This weekend, V.I. Public Works Commissioner Darryl Smalls said the restoration project on the boardwalk, which had fallen into a state of dilapidation over the last few years, has been completed on time.

The project included replacement of all of the surface pieces of the existing boardwalk with a composite material that looks like wood but is more durable and more resistant to the elements, Smalls said.

The wear and tear and battering of the boardwalk by the salt water, compounded by the impact from recent storms, made it necessary for repairs along the complete length of the boardwalk that extends from the Seaborne Airlines terminal on its western end to the King Christian Hotel on its eastern end, according to Smalls.

He said Benton Construction did an outstanding job, completing the work in small phases to limit the disruption to the many restaurants, hotels, retail stores, bars and tourist attractions that line the downtown locale and completed the job by its projected end date.

He said the work progressed well despite some challenges and obstacles, as they removed the surface boards and found more underlying damage in some areas.

The need for the repairs was evident in the areas where the wooden planks had warped, some were rotted and others were broken. Some portions of the boardwalk had been so badly deteriorated that plywood patches had been laid to prevent pedestrians from falling through to the water.

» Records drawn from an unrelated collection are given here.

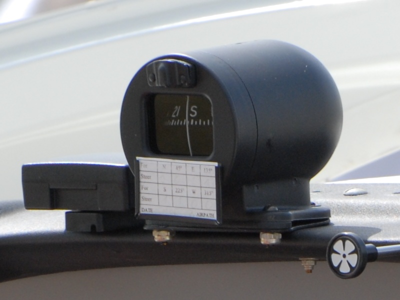 Im schiebefreien Geradeausflug wie auch im schiebefreien Kurvenflug steht die Kugel daher immer zwischen den Markierungsstrichen in der Mitte des Glasröhrchens. Im Gegensatz zum Magnetkompass wird seine Anzeige durch Beschleunigungs- und Kurvenfehler nicht gestört. Bei Inbetriebnahme muss der Kreisel azimutal (nach Norden) und horizontal ausgerichtet werden. Nebenstehend: Kurskreisel einer Cessna 172 |
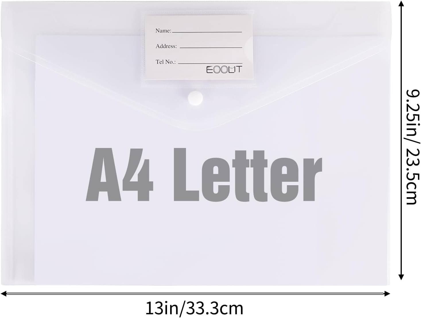 EOOUT 30pcs Plastic Envelopes, Clear Envelopes with Snap Closure, Document Folders Letter Size A4 Size File Envelopes with Label Pocket for School Home Work Office Organization
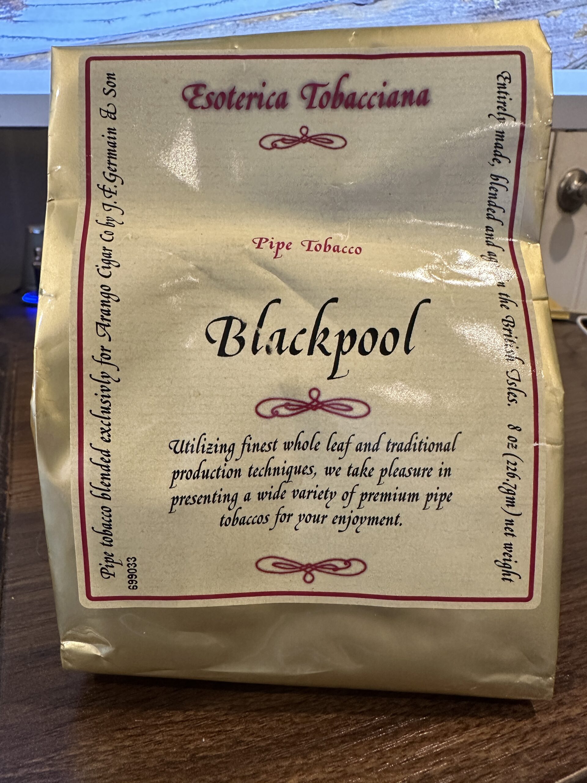 This auction is for an unopened 8-ounce bag of Esoterica’s Blackpool. I don’t know the exact age of this bag but I suspect it is 4-5 years old at a minimum.
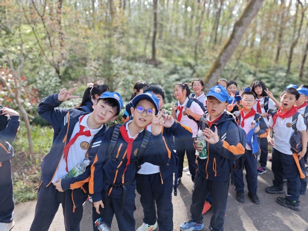 植樹時分,鐵鍬翻動春泥的芬芳,同學們將幼苗植入大地,系著校牌的枝椏在風中舒展。當最后一抔土壓實,我們讀懂年輪里深藏的諾言——這趟跋涉,丈量著意志的韌度,也播種著生命的力量。歸途回望,漫山新綠正與云影共舞。
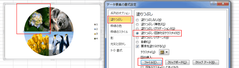 よねさんのExcelとWordの使い方|エクセル2010基本講座:目次|グラフの使い方|図(写真や画像)や図形の操作|グラフを利用して画像を切り替える(円グラフ)
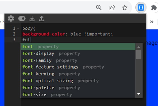 3. Type / Paste the CSS code and it will be injected automatically into the webpage. For example, you can try and change the style of current website such as the background color, fonts, etc.

Funding for the $900,000 resurfacing project came in part from $400,000 from Federal Emergency Management Agency funds as a result of the hurricane damage that the boardwalk sustained in recent years. That was supplemented with a $1 million grant from the Interior Department that will complete the project and help fund additional projects - including some that have not yet been determined, Smalls said.

Workers are currently preparing to install additional benches and trash receptacles as a part of the project.

The concept of building a boardwalk was introduced in the 1980s as part of a major urban renewal project.

Hurricane Hugo in 1989 and Hurricane Marilyn in 1995 destroyed it, and it was rebuilt in 1999, running from the King Cross Street access east to where it currently ends.

The project was redone three years later after rusted nails resulted in planks coming loose, leaving a gaping hole on the boardwalk.

In September 2004, a project added 394 feet to the west end of the boardwalk, bringing the existing boardwalk to the Seaborne Airlines terminal.